This project contains two webscrapers:
- Scrapes the website for forms matching user's input & returns results as JSON data in a new JSON file
- Scrapes the website for forms matching user's input & downloads results as PDFs in a new sub-directory of desired form's name
What is webscraping and when is it done?
- Webscraping is a program written to extract the data you see when you visit the website manually.
- Webscraping is done when an website lacks a dedicated API for pulling the data.
- It's important to look at the terms and conditions of the website you are scraping and be ethical in your use.
- The website being scraped in this project has no robots.txt page.
- The purpose of this project was purely personal / educational.
- Python 3.9.8
- Library: BeautifulSoup
- Library: requests
- Clone this repo:
cd <your_desired_directory>
git clone https://github.com/katalinschmidt/webscraping.git
- Set-up the virtual environment:
virtualenv env
source env/bin/activate
pip3 install -r requirements.txt
- For webscraper 1 / form results as JSON data:
$ python3 scrape_forms.py
- Input: as prompted
- Output: new file '/query_results.json' containing JSON data
- For webscraper 2 / form results as PDF downloads:
$ python3 scrape_downloads.py
- Input: as prompted
- Output: new subdirectory '/{desired_form_name}' containing PDFs
There are numerous popular webscraping tools and each tool has its own advantages and disadvantages.
In preparation for this project, I looked into the following webscraping tools:
- BeautifulSoup
- User-friendly
- Requires dependencies => difficult to transfer code
- Inefficient (for scaling / larger projects)
- Selenium
- Versatile (e.g. automated-testing within the same framework)
- Works well with Javascript
- Not user-friendly (i.e. not designed w/webscraping in mind)
- Scrapy
- Efficient (for scaling / larger projects)
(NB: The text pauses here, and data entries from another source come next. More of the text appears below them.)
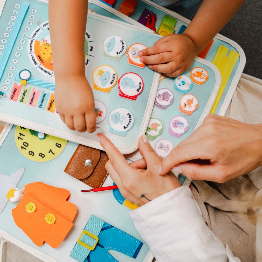 Kinder möchten die ganze Welt „begreifen“. Die 24 Aktivitäten in diesem Busy Board fördern diese natürliche Neugier. Die vielen Einzelteile laden kleine Entdecker dazu ein, die Motorik zu trainieren. Dein Kind lernt wichtige Fähigkeiten für das ganze Leben: Schleifen binden, Emotionen verstehen, Buchstaben erkennen und so viel mehr. Ganz nebenbei trainiert es Soft Skills wie Geduld, Selbstständigkeit, Selbstvertrauen und Fokus.
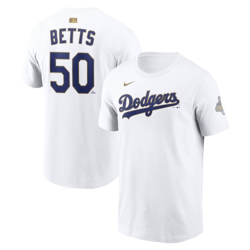 MLB ムーキー・ベッツ ドジャース Tシャツ 【海外モデル】WS2025優勝 ゴールドコレクション ネーム&ナンバー ナイキ/Nike ホワイト
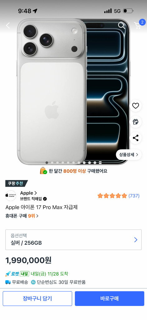 2월19일 발송 아이폰 17 프로맥스 256 자급제

- Written in Python framework => asynchronous capabilities
- No dependencies => portable
- Not user-friendly
Due to my personal time constraints, I decided to use BeautifulSoup for this project. Selenium and Scrapy are tools that I am still unfamiliar with, but look forward to learning!
There are also many ways I could have designed the input/output of information for this project. For example, shell commands for redirecting and piping could have been required or, to more closely emulate as REST API, I could have developed a small Flask web application with 'webscraper 1' in particular as an endpoint.
Another design choice I made was to use logging as my tool for debugging. Given the nature of the raw HTML being returned by GET requests and then being manipulated with BeautifulSoup, I needed an easy way to read and assess the large amount of data that was the end result of each of these functions and felt that exporting that data to a separate log file would be the best way to accomplish that. Logging is something I had not done before, so I greatly appreciate the practice this project has afforded me with that.